Bambusa tulda, or Indian timber bamboo (alternatively spineless Indian bamboo or Bengal bamboo), is considered to be one of the most useful of bamboo species. It is native to the Indian subcontinent, Indochina, Tibet, and Yunnan, and naturalized in Iraq, Puerto Rico, and parts of South America.
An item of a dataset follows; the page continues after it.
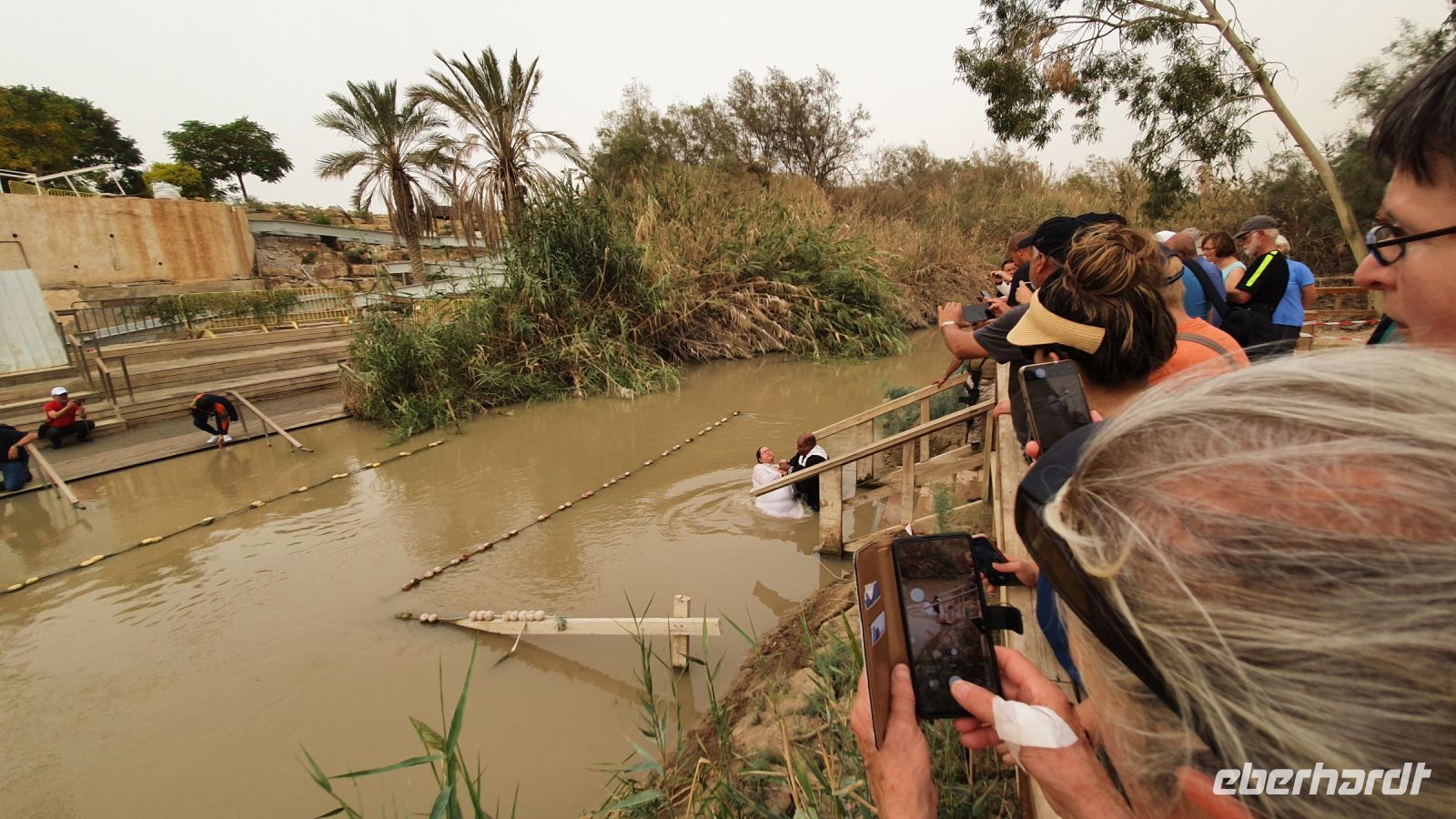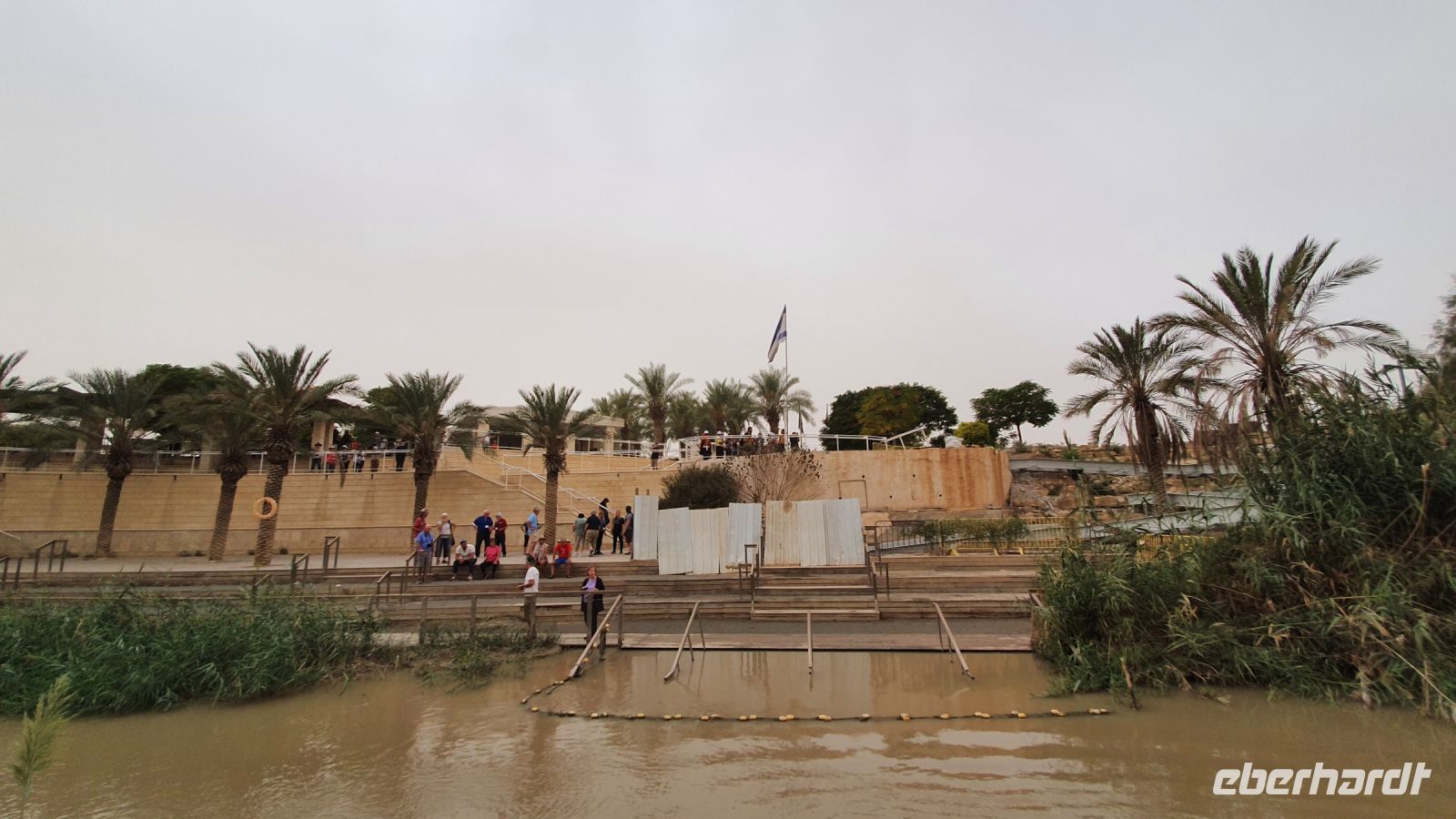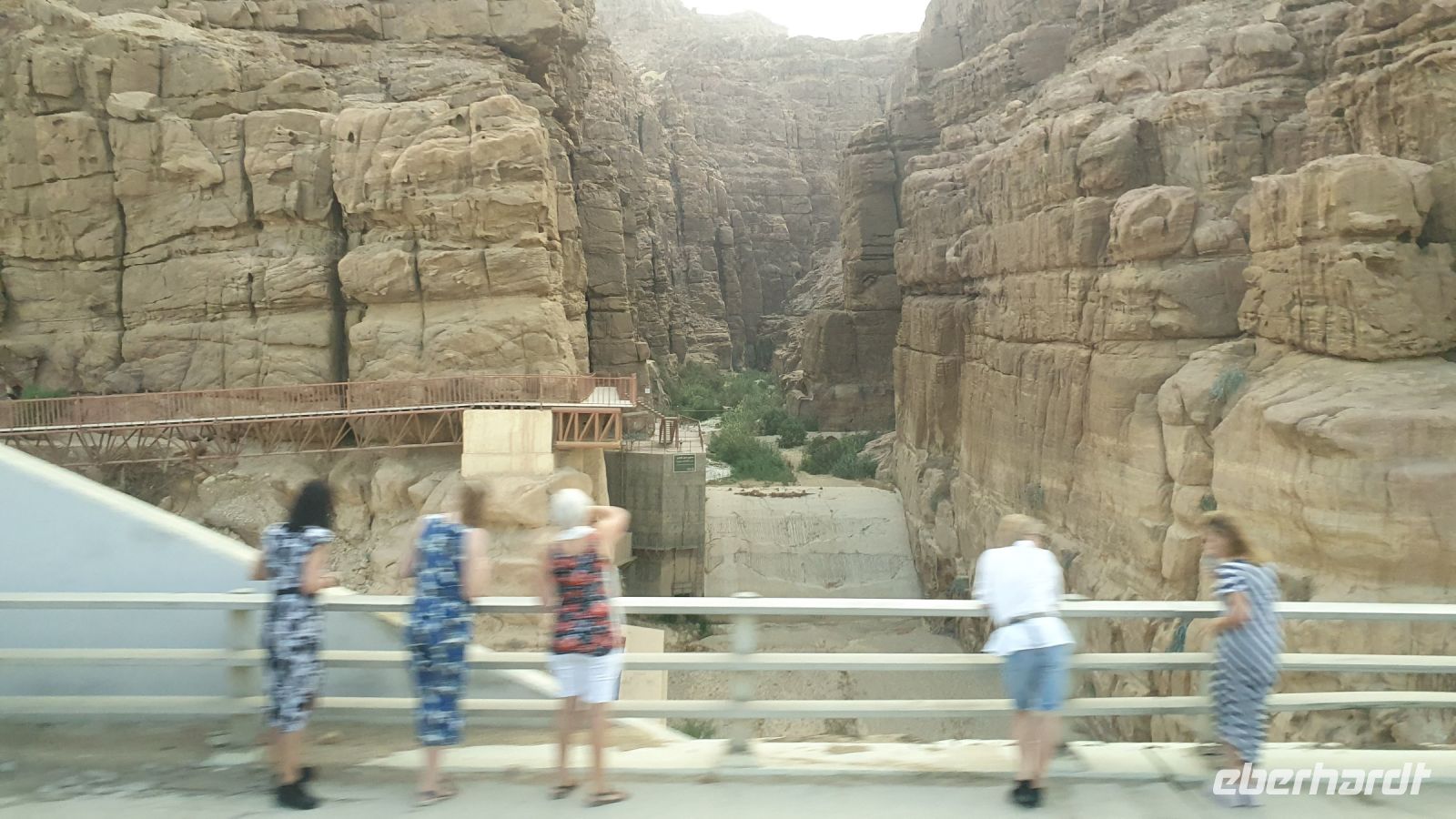 Endlich einmal ausschlafen und wieder ein tolles Frühstück geniessen. Dann kamen unser Reiseleiter Hussein und Fahrer Hamad zum Hotel und gemeinsam fuhren wir am Ufer des Toten Meeres entlang gen Süden. Es war geplant, einen Wassertrail im Wadi Al Mujib zu machen. Aber durch den Regen der vergangenen Tage war das wegen zuviel Wasser nicht möglich. So wanderten wir durch das Wadi Numeira mit deutlich weniger Wasser. Dennoch führten viele Passagen unserer Wanderung durch das Wasser und so wurden unsere Wanderschuhe ordentlich "gereinigt". Die Wanderstrecke verlief durch schmale Felsschluchten und eine herrlich farbenfrohe Felslandschaft bis zu einem kleinen Wasserfall und von da auf gleicher Strecke wieder zurück. Es war eine schöne, erlebnisreiche "Ersatz"wanderung. Auf der Rückfahrt spendierte uns Hussein frisches Fladenbrot und dazu Falafel und von mir gab es Bananen als Nachtisch. So sparten wir Zeit und waren bereits halb Zwei an der Taufstelle Bethanien. Zu Fuss liefen wir zum Jordan und wir durften einer Taufzeremonie beiwohnen. Eine Gruppe brasilianischer Pilger mit ihrem Pater liessen sich im Jordan taufen auf der jordanischen Seite. Und auch in Isreal am gegenüber liegenden Ufer gab es viele Zuschauer. Auf dem Rückweg verdunkelte sich der Himmel ganz merkwürdig und wir konnten eine partielle Sonnenfinsternis beobachten. Danach brachte der Bus uns zurück zum Hotel und so konnten wir am Nachmittag noch ein Bad im Toten Meer nehmen. Das allerdings war nicht ganz einfach, denn der Wind frischte stark auf, machte Wellen im Wasser und man wurde abgetrieben. Auch das gibt es nicht alle Tage. So fiel die Badezeit im Toten Meer etwas kürzer aus und stattdessen wurden die Pools genutzt in der Hotelanlage.

B. tulda is used extensively by the paper pulp industry in India. It can grow to a height of 15 m and a thickness of 8 cm. The single most important fact about Bambusa tulda is its incredible tensile strength; up to 60,000 pounds (27,000 Kg) per square inch. It is commonly found in southeastern Asia.

==Habit==
It is a tall, dull green colored bamboo species with greyish green when mature. It is composed of few closely growing culms. It reaches a height of 6–23 m.

==Appearance==
Young culms are green, which become greyish green when mature and brown when drying. Young shoots are yellowish green in color with a powdery top. Culms are covered with white blooms. A band of white hairs occurs above the nodes. Branching occurs from the base to top. Aerial roots reach up to few nodes above. Internode length is 30–60 cm, and diameter is 0.8–1.2 cm. Culm walls are very thick. Nodes are prominent.

Culm sheaths are triangular with a conical blade, and straw-colored. The sheath proper is asymmetrical and 15–32 cm in length and 25–34 cm wide. Blade length is 5–10 cm. Auricles are unequal where the large one is rounded and situated on the side of the blade. The upper surface of the sheath is covered with blackish-brown hairs. The lower surface of the sheath is not hairy. Sheaths fall off early.